Further, (a) this document is for distribution only to persons who (i) have professional experience in matters relating to investments falling within Article 19(5) of the Financial Services and Markets Act 2000 (Financial Promotion) Order 2005 (as amended, the “Financial Promotion Order”), (ii) are persons falling within Article 49(2)(a) to (d) (“high net worth companies, unincorporated associations, etc.”) of the Financial Promotion Order, (iii) are outside the United Kingdom, or (iv) are persons to whom an invitation or inducement to engage in investment activity (within the meaning of section 21 of the FSMA) in connection with the issue or sale of any securities may otherwise lawfully be communicated or caused to be communicated (all such persons together being referred to as “relevant persons”); (b) this document is directed only at relevant persons and must not be acted on or relied on by persons who are not relevant persons; and (c) any investment or investment activity to which this document relates is available only to relevant persons and will be engaged in only with relevant persons.
Republic of Italy
The offering of the debentures has not been registered pursuant to Italian securities legislation and, accordingly, each of the underwriters has severally represented and agreed that no debentures have been offered, sold or delivered, and will not be offered, sold or delivered nor may copies of this prospectus supplement, the accompanying prospectus or any other document relating to the debentures be distributed in Italy except:
(1) to Qualified Investors (investitori qualificati), as defined pursuant to Article 100 of Legislative Decree No. 58 of February 24, 1998, as amended (“the Financial Services Act”) and Article 34-ter, first paragraph, letter b) of CONSOB Regulation No. 11971 of 14 May 1999, as amended (“CONSOB Regulation No. 11971”); or
(2) in other circumstances which are exempted from rules on public offerings pursuant to Article 100 of the Financial Services Act and Article 34-ter of CONSOB Regulation No. 11971.

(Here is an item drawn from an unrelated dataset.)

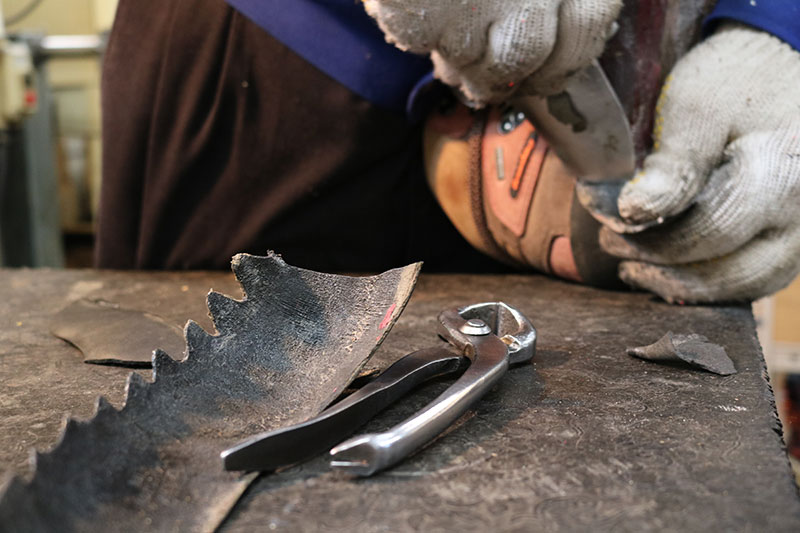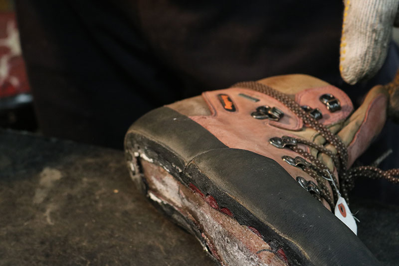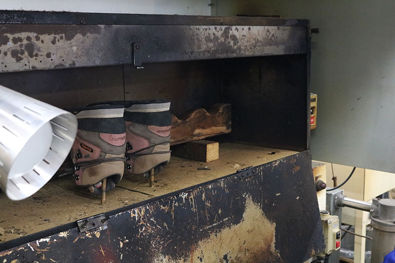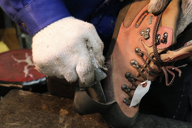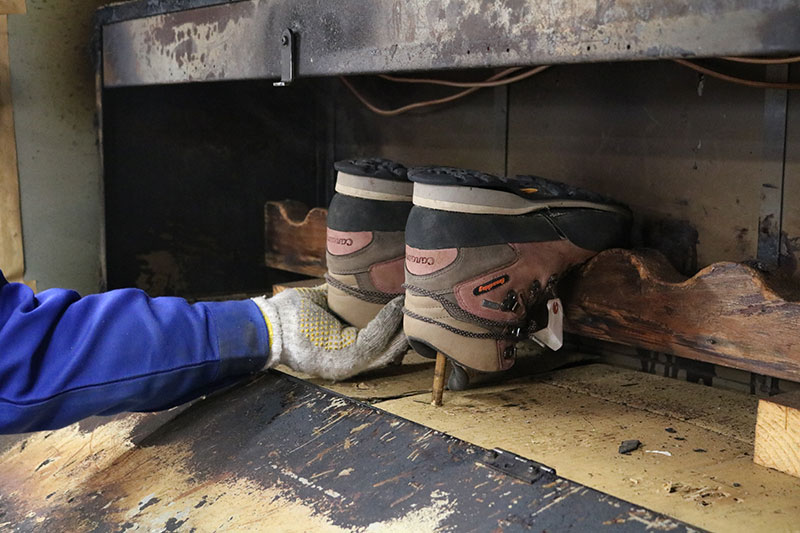 気になって作業中の職人さんに聞いてみたところ、『もう何十年もこの仕事をしていると素手の感覚で押し付け具合を見極めているので、いまさら手袋なんてしたら誤って登山靴を削ってしまうよ』。そう笑いながら答えてくれました。
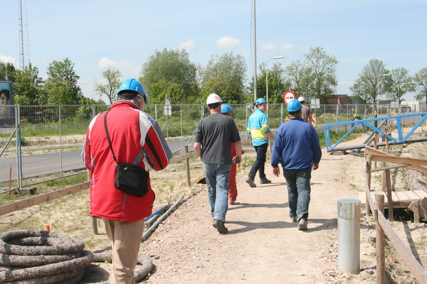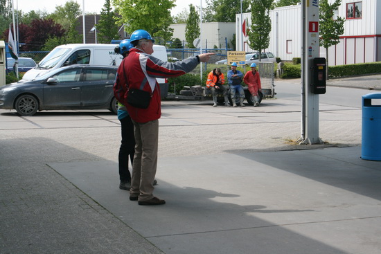We zijn er klaar voor! Hobbyfilmer Dirk Vos is ook gehelmd aanwezig, samen met zijn GMB-begeleider John, die iets van uitvoeren weet. Zij komen na Johan en mij aan de beurt, maar Johan is nu nog aan de telefoon. (Het werkend leven van een uitvoerder bestaat voor een belangrijk deel uit communicatie via de GSM…) Op de achtergrond genieten drie ‘echte’ werkers nog even van de pauzezon….

Any offer, sale or delivery of the debentures or distribution of copies of this prospectus supplement, the accompanying prospectus or any other document relating to the debentures in Italy under (1) or (2) above must be:
(a) made by an investment firm, bank or financial intermediary permitted to conduct such activities in Italy in accordance with Legislative Decree No. 385 of September 1, 1993, as amended (the “Banking Act”), the Financial Services Act and CONSOB Regulation No. 20307 of 15 February 2018 (as amended from time to time);
(b) in compliance with Article 129 of the Banking Act, as amended, and the implementing guidelines of the Bank of Italy, as amended from time to time, pursuant to which the Bank of Italy may request information on the issue or the offer of securities in Italy; and
(c) in compliance with any other applicable laws and regulations or requirement imposed by CONSOB or other Italian authorities.